Drug-resistant bugs a global threat, says WHO

Drug-resistant bugs a global threat, says WHO

Germs that defy antibiotics are now a major global health threat, causing near-untreatable cases of diarrhea, sepsis, pneumonia and gonorrhea, the World Health Organization said Wednesday.
BY MAGGIE FOX

Germs that defy antibiotics are now a major global health threat, causing near-untreatable cases of diarrhea, sepsis, pneumonia and gonorrhea, the World Health Organization said Wednesday.

Overuse and misuse of antibiotics are to blame, and the WHO’s been warning about the problem for years but it keeps worsening, says Dr. Keiji Fukuda, WHO’s Assistant Director-General for Health Security.

"We are really seeing the emergence of this all over the world," Fukuda told a news conference.

"What it means is that all of us, all our family members…when we are most vulnerable and in need of these medicines there is simply the chance that they are not available," he added.

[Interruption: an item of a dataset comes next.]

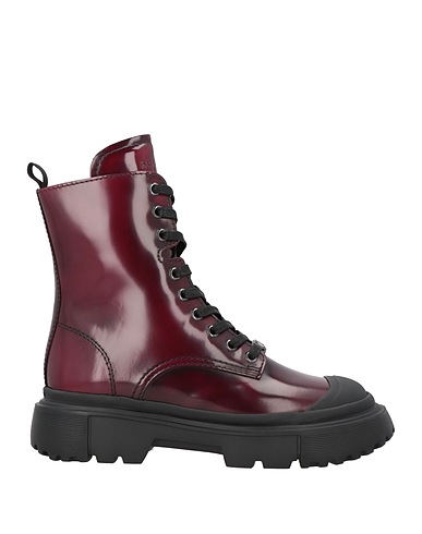 combat boots, glossed-leather, plain colour, brand logo, leather lining, zip fastening, lace-up, round toe, low heel, lug sole, contains non-textile parts of animal origin

“Unless we take significant actions to improve efforts to prevent infections and also change how we produce, prescribe and use antibiotics, the world will lose more and more of these global public health goods and the implications will be devastating.”

People are overusing antibiotics, experts agree. The drugs work well when used as directed against bacterial infections. But they don’t kill all the bad bugs, and the ones that survive can multiply and spread their drug-resistant genes. This happens especially when people take the wrong antibiotic, or take them to treat a viral infection, because antibiotics don’t affect viruses.

Perhaps worst of all is when people don’t take a full course of antibiotics — leaving a half-treated population of bacteria in their bodies to thrive and spread.

The WHO report finds that a drug-resistant strain of an intestinal bug called Klebsiella pneumonia has now spread to every region of the world. It withstands the effects of the treatment of last resort, a group of antibiotics called carbapenems.

“In some countries, because of resistance, carbapenem antibiotics would not work in more than half of people treated for K. pneumoniae infections,” WHO says.

It's been a problem in the United States for decades.

Last fall, the U.S. Centers for Disease Control and Prevention reported that more than two million people are infected by drug-resistant germs each year, and 23,000 die of their infections. The biggest killer by far in the U.S. is diarrhea-causing C. difficile.

Gonorrhea may not be immediately life-threatening, but it’s developing resistance to the drugs that used to easily treat it. Patients can be left infertile.

Nearly 322,000 cases of gonorrhea were reported in the U.S. in 2011, making it the second most commonly reported notifiable infection in the nation.

The CDC asked for $30 million in the U.S. budget to open specialized labs to help spot these infections more quickly.

Overuse in farm animals is another problem.

In an attempt to help, 25 U.S. companies said earlier this year they’d phase out the use of antibiotics to help farm animals grow fatter.

"There's been a tendency in the past for people to think that antibiotics are risk-free drugs that people should ask for and take any time they're feeling a little bit ill. That's not correct," the CDC's Dr. Steve Solomon told NBC news. "So carefully using antibiotics is really the most important thing that we can do."